FlatMap Operator
The Flat-Map Operator allows an input from the source to be split into multiple entries in the sink. Because it is a map operator, split inputs can be mapped too. However, unlike a map operator, it creates a one to many mapping. Its a powerful tool that could be used to digest arrays, objects, or other nested data.
Prerequisites
This guide uses local
Fluvio cluster. If you need to install it, please follow the instructions at here.
Syntax
Below is an example of a tranform function using flat-map. The function takes the string and splits in half.
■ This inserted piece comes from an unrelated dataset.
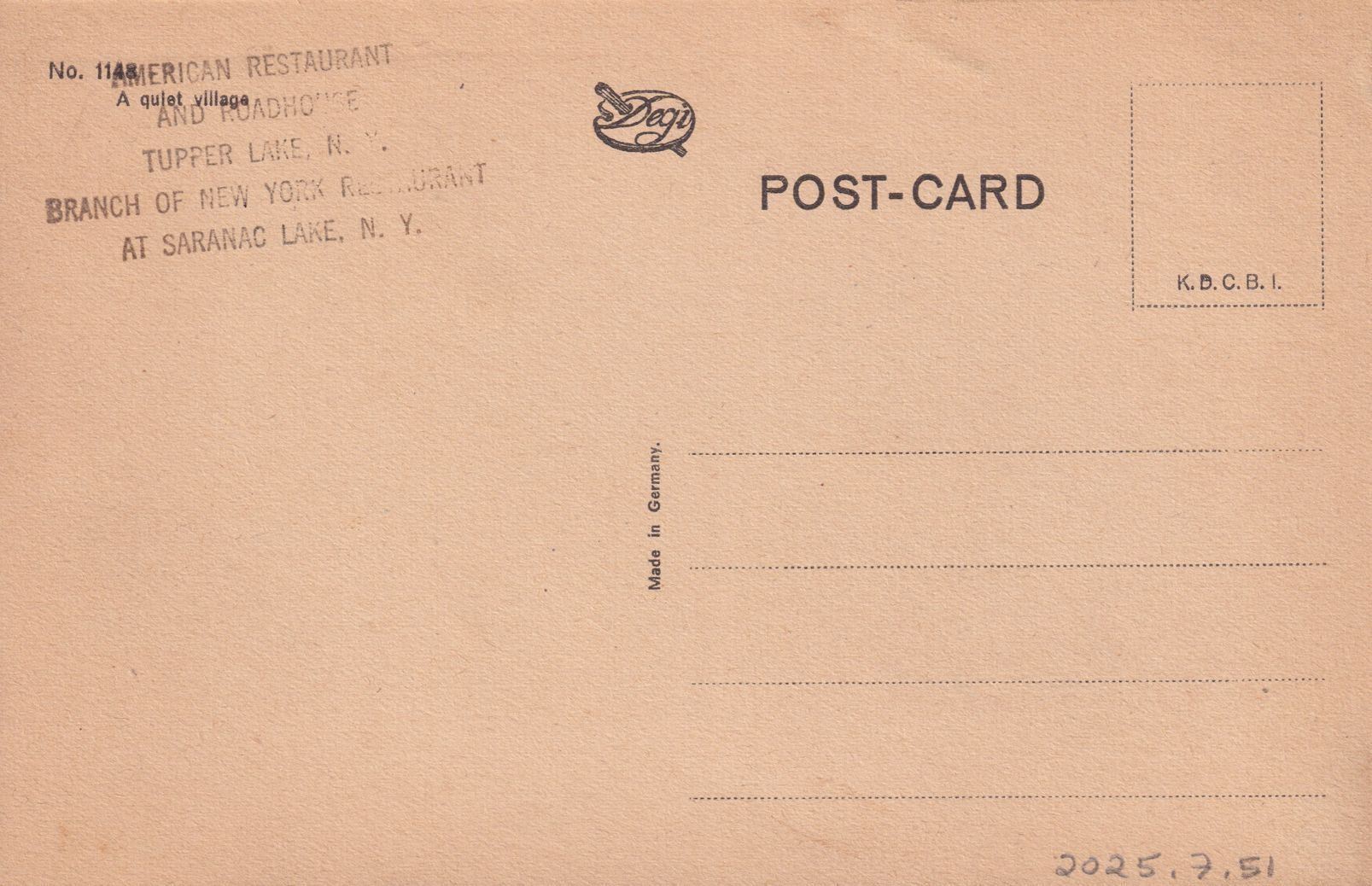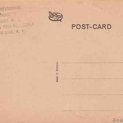 Color textured postcard showing an image of a tudor-style cottage. Printed caption on reverse reads, "A Quiet Village," and "American Restaurant and Roadhouse, Tupper Lake, N. Y, Branch of New York Restaurant at Saranac Lake, N.Y.," is stamped underneath. Made in Germany. Unused, divided back.Lexicon

Both halves are inserted into the sink.
transforms:
- operator: flat-map
run: |
fn halfword(input: String) -> Result<Vec<String>> {
let mut ret: Vec<String> = Vec::new();
let mid = input.len() / 2;
ret.push(format!("first half: {}",&input[..mid]));
ret.push(format!("second half: {}",&input[mid..]));
Ok(ret)
}
In the example function, the return type is a vector of strings. The split string is re-encoded. In general, the transform function should return a vector of the sink's type.
Running the Example
Copy and paste following config and save it as dataflow.yaml
.
# dataflow.yaml
apiVersion: 0.5.0
meta:
name: flat-map-example
version: 0.1.0
namespace: examples
config:
converter: raw
topics:
sentences:
schema:
value:
type: string
halfword:
schema:
value:
type: string
services:
flat-map-service:
sources:
- type: topic
id: sentences
transforms:
- operator: flat-map
run: |
fn halfword(input: String) -> Result<Vec<String>> {
let mut ret: Vec<String> = Vec::new();
let mid = input.len() / 2;
ret.push(format!("{}",&input[..mid]));
ret.push(format!("{}",&input[mid..]));
Ok(ret)
}
sinks:
- type: topic
id: halfword
To run example:
$ sdf run --ephemeral
Produce sentences to in sentence
topic:
$ echo "0123456789" | fluvio produce sentences
Consume topic halfword
to retrieve the result in another terminal:
$ fluvio consume halfword -Bd
first half: 01234
second half: 56789
Here two strings are produced from the input.
Cleanup
Exit sdf
terminal and clean-up. The --force
flag removes the topics:
$ sdf clean --force
Conclusion
We just covered another basic operator in SDF, the Flat-Map Operator.